▶ _ASSIGNED TASK_: Please output exactly the lines from the one that holds "101. กุ้งผัดผงกระหรี่ 320" through the final line of the data, and nothing else; leave out any pictures.

▶ _STORED DATA_:
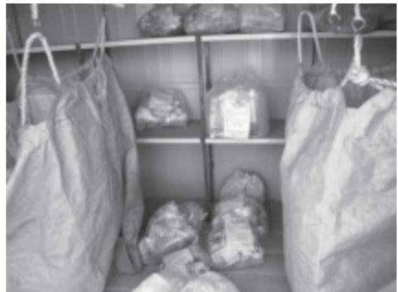
▲不適正なごみが溜まったエコステーション
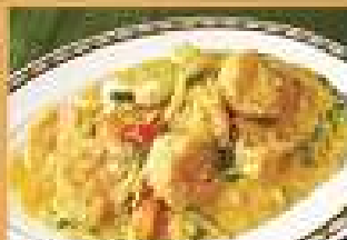
101. กุ้งผัดผงกระหรี่ 320 / 480 Stir-fried shrimps with curry powder
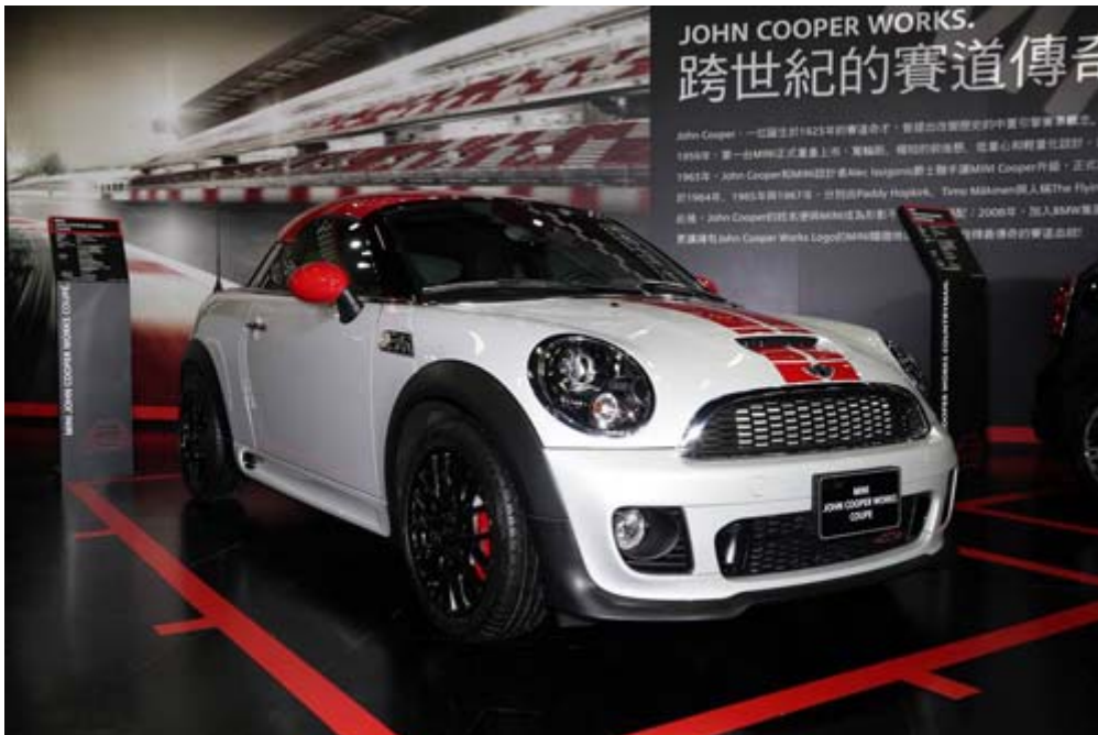
Mini John Cooper S Works Family

▶ _RESPONSE BOX_:
101. กุ้งผัดผงกระหรี่ 320 / 480 Stir-fried shrimps with curry powder
Mini John Cooper S Works Family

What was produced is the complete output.